In 1519 Luther caused an immense sensation by roundly declaring that the supremacy of the pope was unknown in the Scriptures, that it had grown up only in the previous 400 years, and that Councils had erred in giving their support to it. The die was not cast. Martin Luther saw the full implications of his position. He freed himself for ever from the authority of the popes, Fathers and Councils and from then on took the Word of God as the only rule of faith. He stood before the world as a free Christian man. Martin Luther seemed now to have the strength of a hundred men, and poured forth a constant stream of sermons and pamphlets through the printing press.

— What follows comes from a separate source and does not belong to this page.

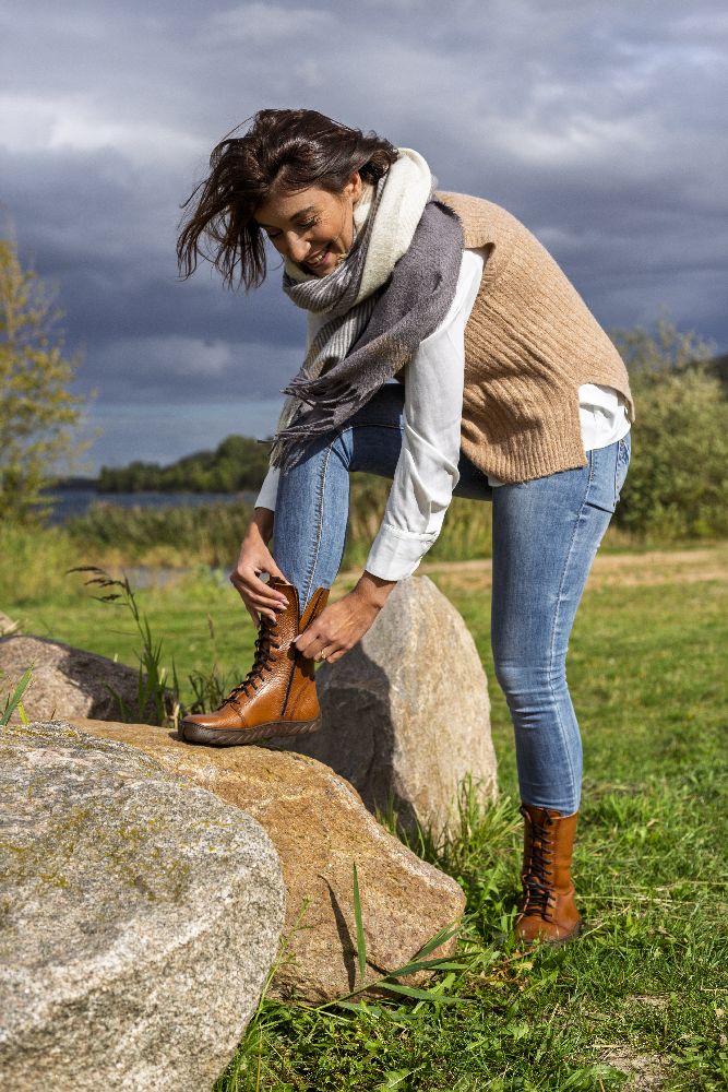 These boots in a beautiful brown tone present themselves in a timeless design with a practical lacing and a zipper at the bereau for simple tightening and taking off. Made from Premium Nappaleder, they not only offer an outstanding look, but also durability and comfort.

In 1520 came the pope's decree excommunicating Luther and ordering his works to be burnt. The Reformer gave an appropriate reply. Having arranged a bonfire outside Wittenberg, he went and publicly flung the decree into the fire. No gesture could have given a more emphatic message of defiance.
In 1521 the emperor, Charles V, called the imposing Diet of Worms (a council), to which princes, dukes and other grandees were invited. His principal aim was to put Luther down. The Reformer's friends urged him not to go. His reply has never been forgotten: 'Though there were as many devils in Worms as tiles on its roof, I would go.' The council, presided over by the emperor in person, was hostile. Luther was roughly questioned about his books and ordered to retract. He declared that he would retract nothing unless it were proved to be contrary to Scripture. His noble declaration: 'Here I stand. I can do no other. So help me God. Amen' has thrilled Christians through the centuries.
Luther was condemned and placed under the ban of the Empire. To save his life, s troop of horsemen were secretly sent to arrest him on the way home. He was carried off to a castle and his enemies thought he had perished. In his confinement of nearly a year, he translated the New Testament from the original Greek into German - a work of supreme importance for the Reformation.